Since the mid-2000s, the analysis of EHs by using 3T MRI has been widely accepted as a useful method for the diagnosis of Ménière disease among various groups [10,20]. In particular, injecting contrast media through an intravenous route is a widely used MRI method for patients with Ménière disease because it is less invasive, results in shorter waiting times for patients, and allows physicians to observe both ears simultaneously [11]. Recently, hydropses have been evaluated in several studies either by precisely dividing each area of the cochlea and vestibule or by using a 3D model to measure the whole volume of the endolymphatic space based on magnetic resonance images [21,22].

Recent medical image studies have reported the development of fully automated analytic systems. The implemented tools were designed to provide end-to-end workflows to minimize the amount of human intervention during analysis [23,24]. Several recent studies used deep learning techniques to segment inner ears and related organs in medical images. Some studies were conducted on computed tomography images to segment other organs, such as the sigmoid sinus, facial nerves, or temporal bones [25,26]. Another study analyzed magnetic resonance images for labyrinth segmentation [27]. These studies analyzed various ear-related organs in 3D space, but the main purpose of segmentation was primarily anatomical visualization for surgical planning. However, our study is different because the objective of segmentation was to calculate EH ratios in patients with Ménière disease by conjoining different magnetic resonance image modalities.

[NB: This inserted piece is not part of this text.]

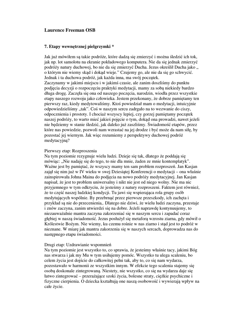Laurence Freeman OSB 7. Etapy wewnętrznej pielgrzymki * Jak już mówiłem są takie podróże, które dadzą się zmierzyć i można śledzić ich tok, jak np. lot samolotu na ekranie pokładowego komputera. Nie da się jednak zmierzyć podróży natury duchowej, bo nie da się zmierzyć Ducha. Jezus określił Ducha jako „ o którym nie wiemy skąd i dokąd wieje.” Czujemy go, ale nie da się go schwycić. Jednak i ta duchowa podróż, jak każda inna, ma swój początek. Zaczynamy w jakimś miejscu i w jakimś czasie, ale zanim doszliśmy do punktu podjęcia decyzji o rozpoczęciu praktyki medytacji, mamy za sobą niekiedy bardzo długa drogę. Zaczęła się ona od naszego poczęcia, narodzin, wiodła przez wszystkie etapy naszego rozwoju jako człowieka. Jestem przekonany, że dobrze pamiętamy ten pierwszy raz, kiedy medytowaliśmy. Ktoś powiedział mam o medytacji, intuicyjnie odpowiedzieliśmy „tak”. Coś w naszym sercu zadrgało na to wezwanie do ciszy, odpocznienia i prostoty. I chociaż wszyscy lepiej, czy gorzej pamiętamy początek naszej podróży, to warto mieć jakieś pojęcie o tym, dokąd ona prowadzi, nawet jeżeli nie będziemy w stanie śledzić, jak daleko już zaszliśmy. Świadomość etapów, przez które nas powiedzie, pozwoli nam wzrastać na jej drodze i być może da nam siłę, by pozostać jej wiernym. Jak więc rozumiemy z perspektywy duchowej podróż medytacyjną? Pierwszy etap: Rozproszenia Na tym poziomie rezygnuje wielu ludzi. Dzieje się tak, dlatego że poddają się mówiąc: „Nie nadaję się do tego, to nie dla mnie, żaden ze mnie kontemplatyk”. Ważne jest by pamiętać, że wszyscy mamy ten sam problem rozproszeń. Jan Kasjan zajął się nim już w IV wieku w swej Dziesiątej Konferencji o medytacji – ona właśnie zainspirowała Johna Maina do podjęcia na nowo podróży medytacyjnej. Jan Kasjan napisał, że jest to problem uniwersalny i nikt nie jest od niego wolny. Nie ma nic przyjemnego w tym odkryciu, że jesteśmy z natury rozproszeni. Faktem jest również, że to część naszej ludzkiej kondycji. Tu jawi się wspierająca rola grupy osób medytujących wspólnie. By przebrnąć przez pierwsze przeszkody, ich zachęta i przykład są nie do przecenienia,. Dlatego nie dziwi, że wielu ludzi zaczyna, przestaje i znów zaczyna, zanim utwierdzi się na dobre. Jeżeli naprawdę kontynuujemy, to niezauważalnie mantra zaczyna zakorzeniać się w naszym sercu i zapadać coraz głębiej w naszą świadomość. Jezus posłużył się metaforą wzrostu ziarna, gdy mówił o Królestwie Bożym. Nie wiemy, ku czemu rośnie w nas ziarno i stąd jest to podróż w nieznane. W miarę jak mantra zakorzenia się w naszych sercach, doprowadza nas do następnego etapu świadomości. Drugi etap: Uzdrawianie wspomnień Na tym poziomie jest wszystko to, co sprawia, że jesteśmy właśnie tacy, jakimi Bóg nas stwarza i jak my Mu w tym usiłujemy pomóc. Wszystko tu ulega scaleniu, bo celem życia jest dojście do całkowitej pełni tak, aby to, co się nam wydarza, pozostawało w harmonii ze wszystkim innym. W efekcie tego scalenia stajemy się osobą doskonale zintegrowaną. Niestety, nie wszystko, co się na wydarza daje się łatwo zintegrować – przerażające szoki życia, bolesne straty, ciężkie psychiczne i fizyczne cierpienia. O dziecka kształtują one naszą osobowość i wywierają wpływ na całe życie. Na niektóre z głębokich doświadczeń, które nas determinują, trzeba całego życia, by je zasymilować. Znajdujemy się w środku życia, życia podświadomości i wiele się tu dzieje. Być może nie wiemy, skąd nas nachodzą uczucia smutku, złości, żałoby i być może nie musimy tego wiedzieć. A może musimy i wówczas się tego dowiemy. Do sfery świadomości przedostaną się jakieś wspomnienia i niespodzianie opanują nas myśli dotyczące jakiegoś związku z przeszłości, czy fazy w naszym życiu. Zaczyna się proces leczenia emocji z tym związanych. Myślisz o tym w ciągu dnia nie wiedząc, dlaczego właściwie tak się dzieje. A może są to pytania, które musisz sobie na nowo postawić. Lub też stawić czoła czemuś, czego usilnie unikałeś. Powoli i stopniowo następuje integracja tych wspomnień. I na tym poziomie istnieje niebezpieczeństwo rezygnacji z medytacji. Zaczynasz zbyt mocno koncentrować się na samym sobie, bo odbywa się coś w rodzaju opery mydlanej. Najlepsza z możliwych, bo sam ją napisałeś, sam ją odgrywasz i jesteś jej całą widownią. Zajmuj się nią na tyle, na ile to konieczne, ale nie ingeruj zbyt mocno. Przypomnij sobie nauczanie Jezusa o ziarnie, które rośnie. Zostaw je tam, nie potrzebujesz co chwilę dokopywać się do niego, by sprawdzić jak rośnie. Zaufaj całej podróży, jako doświadczeniu wiary. W tej sytuacji nieocenioną rolę może spełnić wspierająca cię wspólnota i duchowa przyjaźń z jej członkami. Pamiętaj, że choć medytacja jest podróżą, którą odbywa się w pojedynkę, lecz nie jest się w niej samotnym. Podróż ta prowadzi nas do wspólnoty i doświadczenia duchowej przyjaźni, innej więzi i przyjaźni niż wszystkie te, które znamy. Jest to prawdziwy i cenny dar podczas naszej duchowej wędrówki. I tak ruszamy dalej. Medytujemy i uczymy się coraz bardziej i bardziej wsłuchiwać w mantrę, powtarzając ją. Na pierwszym poziomie wypowiadaliśmy ją w obecności wielu rozproszeń i musiałeś podejmować ciągły trud, by do niej powracać. Na tym poziomie zapadła się ona nieco głębiej i wydaję się brzmieć bardziej w twoim sercu. Coraz bardziej też się w nią wsłuchujesz. John Main uważał, że kiedy nauczymy się wsłuchiwać w mantrę, dopiero wówczas nasza podróż rozpoczyna się na serio. Dokąd więc idziemy dalej? Etap trzeci: Smutek egzystencji Kolejny poziom świadomości jest, jak zderzenie czołowe z murem z cegieł. Autor Obłoku niewiedzy pisze o niej, jako o „nagiej świadomości samego sie

The results of our study substantially complemented the limitations of our previous study [12]. Although our former results laid the foundation for conducting EH analyses with deep learning technology, in this study, the improvements allowed for immediate clinical diagnosis and follow-up. Consequently, the accuracy of the EH analysis increased, and even if a human expert did not choose a representative image slice, the representative section was automatically extracted from the magnetic resonance image stack and analyzed successfully.

Another technical improvement over our previous study is that in this study, various deep learning models, such as the U-Net and Inception-v3 networks, were used as a base architecture. We developed a better performing model that effectively segmented inner ears. Furthermore, an additional test was performed to prove the robustness of the system. By developing the INHEARIT-v2 system, expert interpretation became much easier and faster, and more objective analyses were possible.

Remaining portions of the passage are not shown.